Last week I wrote about how depression fuels my wanderlust. Today I want to touch on the other side of the coin.
When you travel as much as I do, you are constantly living in extreme scenarios. Just last night I was at a bonfire on the beach until 1am and this morning I was up again at 5am to teach sunrise yoga. You never know what you are going to get thrown into and you generally just go with the flow.
There is very little stability in my life and it is extremely hard for me to maintain meaningful relationships (of any sort) when I refuse to stay in one place.
So while traveling is a major tool for me when it comes to coping with depression, sometimes I wonder how much of my depression was born out of travel in the first place.
When you are constantly changing environments, your identity is always in question. Everywhere you go you are surrounded by new people with different values. We all know how we act different depending on who you are around. This gets heightened when you are around drastically different people every few weeks.
Every time I go somewhere, I learn something about myself. I take those lessons with me to the next place I go. All of this change can be great.

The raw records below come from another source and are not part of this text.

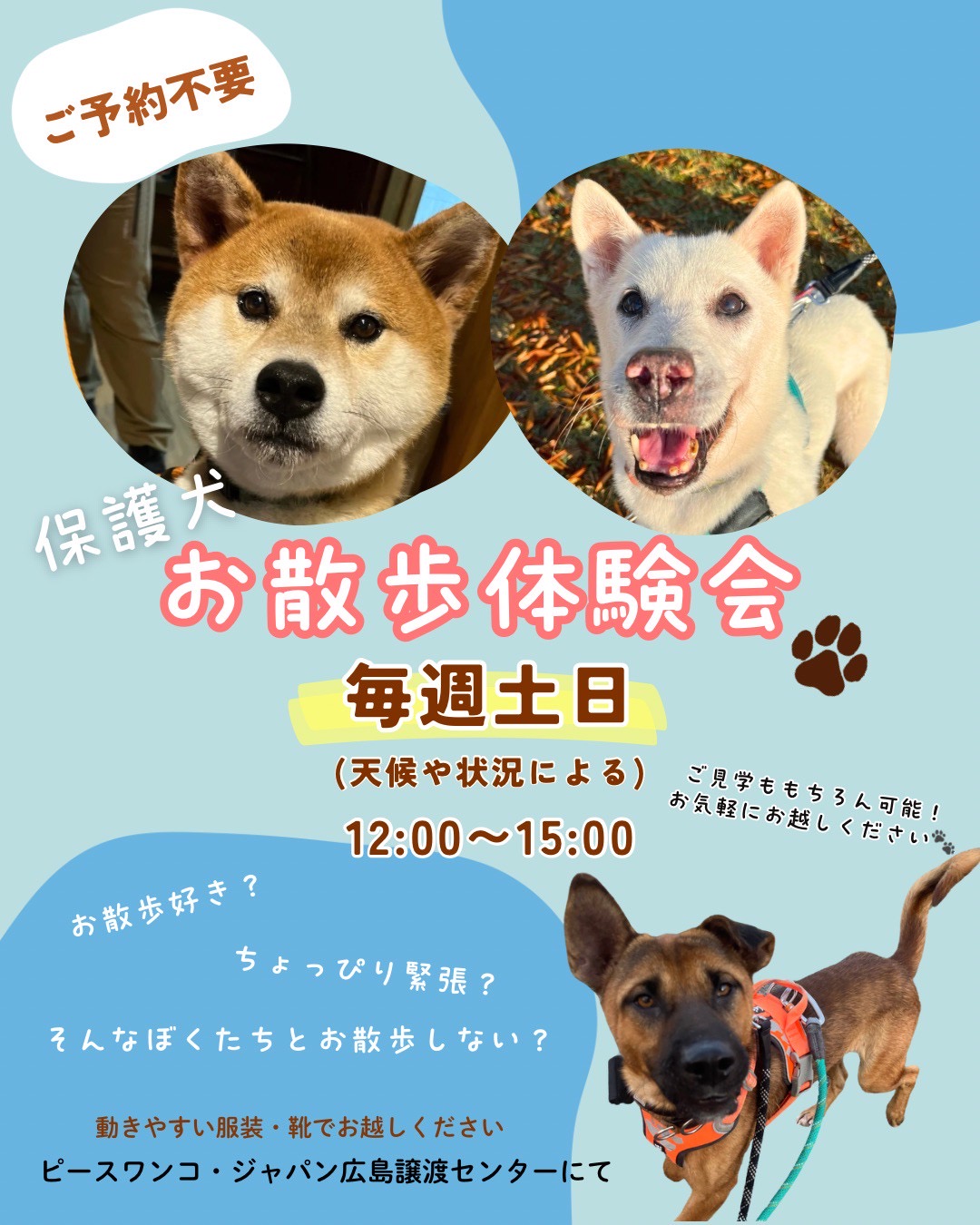 12月は毎週土日に、保護犬お散歩体験会を開催いたします。
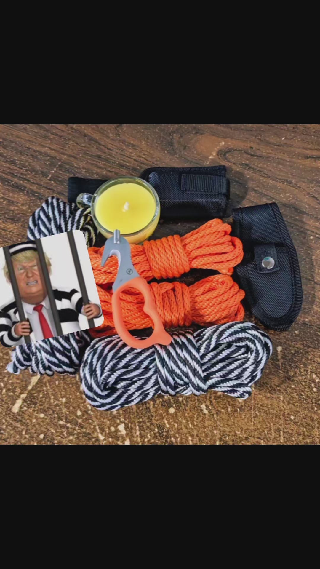 In honor of Trump's recent indictment we offer a celebratory bondage and wax kit.  As you watch Trump get thoroughly roped up by this, you can get roped up your self in a much more fun manner.
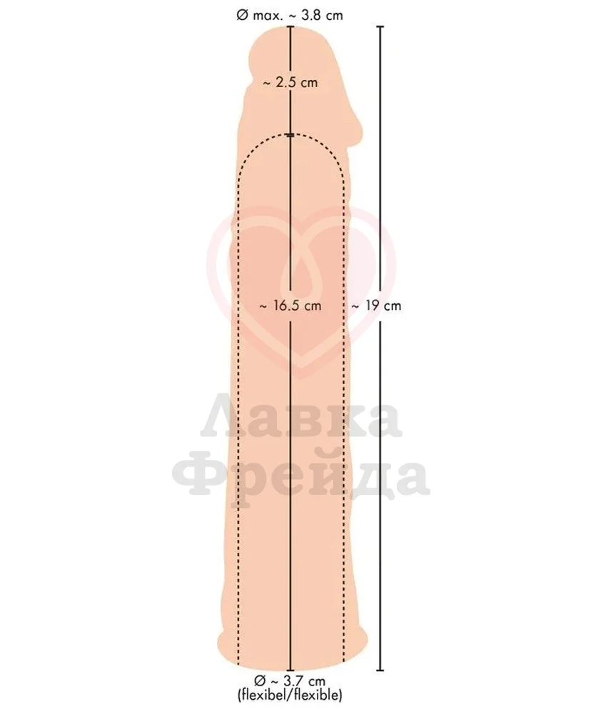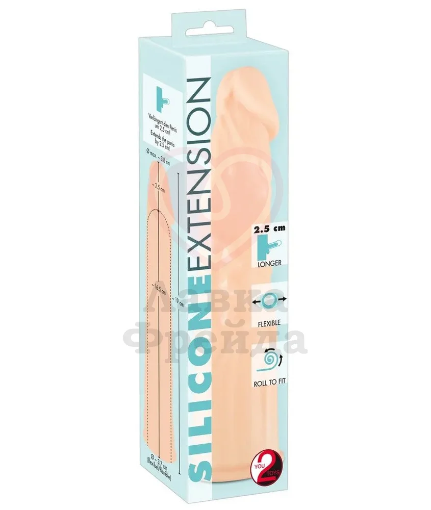 Супер-мягкая и реалистичная насадка You2Toys выполнена из нежного материала и поможет вам увеличить член по длине. Общая длина игрушки составляет 19 см, что дает прибавку в 2,5 см к длине вашего члена при проникновении. Длина внутреннего отверстия 16,5 см, лишний материал можно завернуть до подходящей плотной посадки.
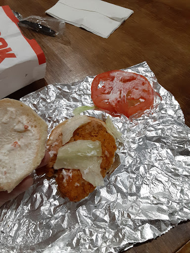 Two stars means that you came in under my expectations. I frequent this cookout location. It usually barely meets my expectation (which is low, and therefore not difficult to meet). However, I've been increasingly frustrated recently and yesterday I finally decided to review. First I'd like to Express my frustration that we are still not able to go inside to order, making the drive thru a 15 to 20 minute ordeal EVERY TIME. Either let us inside or figure out a solution. Alass, I continue to go back although recently I just skip it and go somewhere else. Last night I ordered a chicken sandwich with no tomato. A simple order. As you can see I got tomato. Also as you can see it's quite possibly the smallest piece of the bottom of the barrel lettuce I've ever seen. How does one make it in life if they can't even manage to put together a decent sandwich correctly. This isn't the first time my simple order wasn't fulfilled correctly. If getting a meal is going to take 20 minutes then be wrong, I'll just go to a restaurant where I can sit down and be waited on in an establishment that will get my...
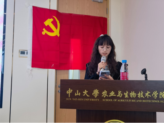 首先,2021级本科生党员龙薇同学分享了参加党日活动的体会。她表示,红色基因不仅是我们的历史,更是我们奋斗的动力。我们要继承先辈的革命精神,将其融入学术研究和日常行为中,努力成为对社会有贡献的人。老师们的科研工作常遇艰辛与挑战,但同时也充满了希望与成就。希望学弟学弟们和自己一样,从中得到启发、获得力量、立下目标,努力学习,参与科研,为传承红色基因、推动农业现代化贡献自己的力量。

It has helped me discover which parts of myself are my true self and which parts are a product of my environment.
But all this change can also cause one hell of an identity crisis. Especially when I go home and everyone expects me to be the person I was before I left.
I don't often end up in my darkest places when I am traveling. All of the newness keeps me distracted and leaves me with little time to think myself to death.
However, when I get home for a trip, I feel the consequences of my insatiable wanderlust in full force. Back in my room, where nothing is different, my own changes become blaringly obvious.
My parents still live in the town I was born in, and I am grateful to have that stable home, but at times that stability can be suffocating. The familiar air feels stagnant after breathing new air every day. The very stability that I appreciate in Danville can feel threatening to my flighty lifestyle.
Every time I come home I take stock: what friends did I lose touch with? What values have I lost or gained? How is Sarah 2016 different than Sarah 2015?
With every trip I grow further away from the little Californian girl I once was. And with every return I feel a lost in my own skin.
Inevitably this back-and-forth game of identity limbo leads to depression, which (as I mentioned last week) leads to more travel. Thus, the cycle continues...
Depression is a tricky game that your brain plays on itself. When you are high, you fell as though you have finally won. You believe you will never be low again. And when you are low, coming out of that place feels impossible and no matter how many times you have been through it, you don't believe you will ever experience the high again.
When I started this series I thought about lying; I thought about saying I have all the answers and travel only does good things for my mental health. But what good does it do to fool myself? And how can I help those who share my experiences if I cannot be honest about those experiences?
Not only do I not have all the answers, but I don't really have any answers at all. I am still figuring things out and mostly making it up as I go along. But if there is anything travel has taught me it is that there is no black and white. There is no good and bad. There is only my life and my attempt to live it as best I can. And, seeming as I too am only human, that attempt is guaranteed to be messy.